You’re not in the camp that worries about a double-dip recession?

The more likely scenario is a square-root economy, whereby we get a V-shaped recovery initially, followed by a flattening out of economic growth.

How do you weigh the current opportunities in the stock market versus the potential risks?

As we now know in hindsight, the opportunities were phenomenal back in March, and it’s not going out on a limb to say they’re less enticing now. That said, I don’t think we’re without opportunities. In the first phase of this bull market, we saw a market that was biased toward very, very low-quality companies. What we’re likely to see now is a shift into an environment in which fundamentals will come a little more into play and where the market will reward quality to a greater degree in the next leg of the cycle.
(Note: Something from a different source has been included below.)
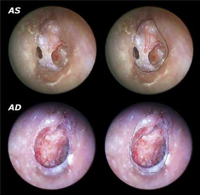 AS — левое ухо, AD — правое ухо. Черными линиями выделены контуры костного барабанного кольца; синими — границы перфорации; красными — слуховые косточки.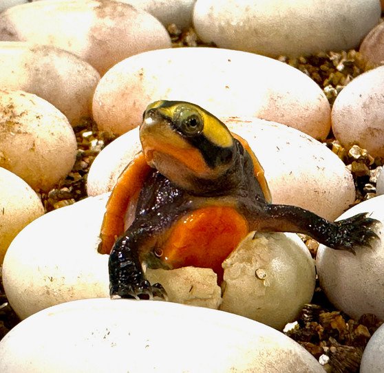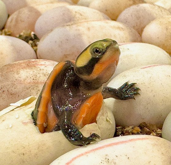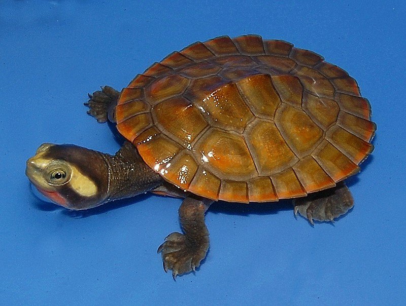 Pink Bellied Side-Necks are mostly carnivors, and will eat pellets, fish and meat. Water temperatures that stay above 65 degrees Fahrenheit (76F – 83F is ideal) will keep this species happy, and keepers will enjoy a very colorful and active representative of New Guinea and Australian lakes and rivers.

So should investors take profits in low-quality stocks and put the proceeds into blue chips?

The short answer is yes. The long answer relates to a process and a philosophy that investors should practice perpetually but that they rarely do. There’s a discipline that should be associated with long-term strategic asset allocation, particularly when markets are volatile. If your low-quality stocks are now a more dominant position in your portfolio, or your emerging-markets equities are a bigger percentage of your portfolio than they were when you first established your asset allocation, then your portfolio is telling you that you should be reining in your exposure in those areas. And the opposite goes for asset classes or individual positions that have become underrepresented in your portfolio.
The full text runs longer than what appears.